Text can be verified (supported or refuted) or unverified. The authors measure both the number of supported sentences over all generated sentences, and the supported sentences out of all verified sentences. To counter duplication of text, only unique supports are counted. To measure repetitiveness, they employ two further metrics: distinct 4-grams and 4-gram overlap between human and machine-generated text. Human text is the first 256 tokens as found in the corresponding Wikipedia article.

To fact-check the statements, they make use of an off-the-shelf BERT-based model trained on FEVER. It is shown that likelihood approaches (like greedy or beam search) indeed produce more verifiable text (even though it is more repetitive). Their hybrid decoding approach achieves a good balance between repetitiveness and verifiability. Human evaluation was also carried out, and the results from the fact-checker model were corroborated.

Luca Massarelli et al. “How Decoding Strategies Affect the Verifiability of Generated Text”. In: Findings of the Association for Computational Linguistics: EMNLP 2020. Online: Association for Computational Linguistics, Nov. 2020, pp. 223{235. doi: 10.18653/v1/2020. findings - emnlp . 22. url: https://www.aclweb.org/anthology/2020.findings-emnlp.22

Stolen Probabilities

Wed, 27 Jan 2021 00:00:00 +0000

In this paper, the inability of NNLMs to assign high probabilities to rare words in high-probability sentences (for example, to “America” in “United States of America”) is examined. Here AWD-LSTMs are studied.

Words with larger embedding norm (that is, more frequent words) will be assigned higher probabilities relative to a less frequent word, even when the two words appear in similar contexts. The authors show that words on the convex hull of a group of words in the embedding space can achieve high probabilities, whereas words on the inside of the convex hull are bound by the probability of words on the convex hull.

The authors develop an approximation algorithm to find interior and non-interior words, with high precision and low recall. They extract the top 500 words for each set, according to their probability. On those 500-word sets, trigram probabilities are extracted. These trigram probabilities do not showcase the stolen probability effect.
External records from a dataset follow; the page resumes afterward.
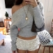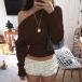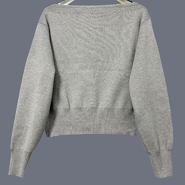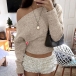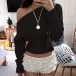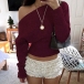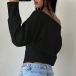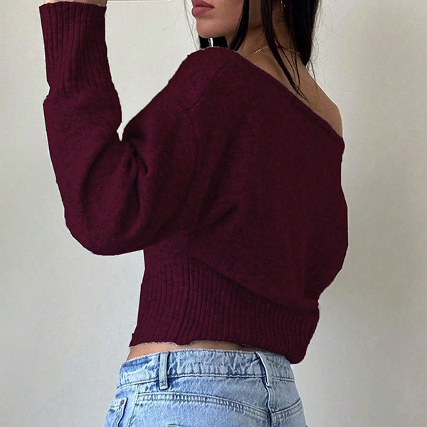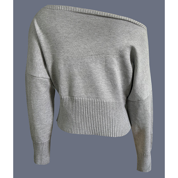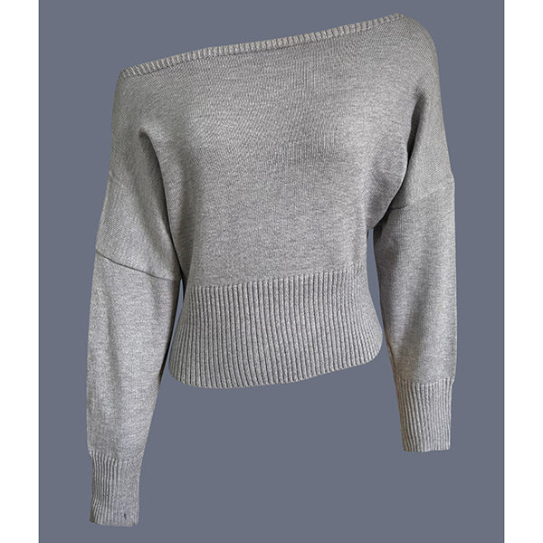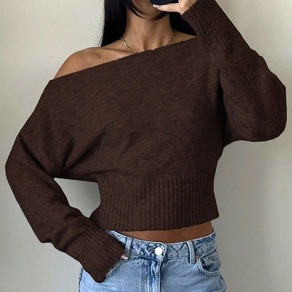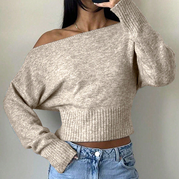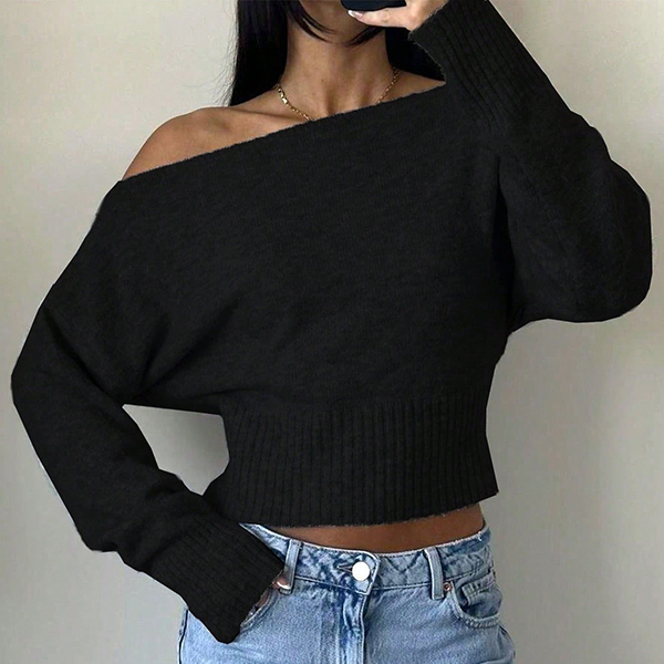 Stickad damtopp med dolmanärm och en axel – lös, kort topp med bred ribbad fåll och figurnära midja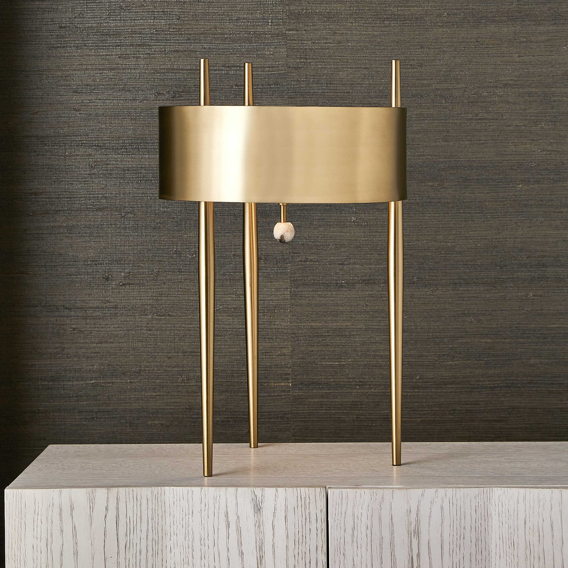 La lámpara de mesa/escritorio Trilogy tiene una pantalla de latón rica y poco profunda suspendida por tres patas cónicas. El atenuador giratorio de ónix en forma de bola centrado debajo de la pantalla agrega un detalle inteligente.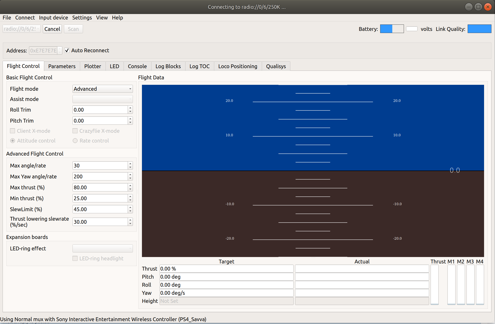 After that I restarted the drone; when scanning for devices, the drone pops up. When I hit connect, the GUI says that it's connecting to the radio, but it never actually connects (it just states that it's "connecting to radio"). Interestingly, at this point I can control the drone with the joystick; but I don't get any Flight Data back.
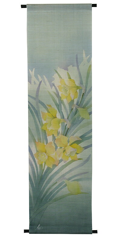 ギフト対応 タペストリー・水仙春近く/長田けい子 素 材:麻 サイズ:約36×130cm 技 法:ローケツ染 化粧箱・上下棒付き ■かさ音工房の作品はフリーハンドにてロウを 置き彩色をして行く為、デザインや色彩に弱冠 の相違が生じる場合がありますので 、ご了承 下さい。 ■左の画像をクリックすると大きな画像となります ■お手入れは出来るだけ、ドライクリーニングを お奨めします。 和風モダンのインテリアをお考えの方にお奨めです 【この様な時にもお使い下さい】 新築祝/結婚祝/お中元・お歳暮/開店祝い/お誕生日/父の日・母の日/敬老の日/引越し祝い ■熨斗書きも、ご自由にお

In general, the difference between non-interior and interior words is much starker for NNLMs, showing that the average probability of interior words is on average lower in that setup. The authors show that ensembling the NNLM probabilities with models that do not exhibit the stolen probability effect improves performance substantially. The more the dimensions, the smaller this effect is (ie. higher probabilities in the interior).

David Demeter, Gregory Kimmel, and Doug Downey. Stolen Probability: A Structural Weakness of Neural Language Models. 2020. arXiv: 2005.02433 [cs.LG].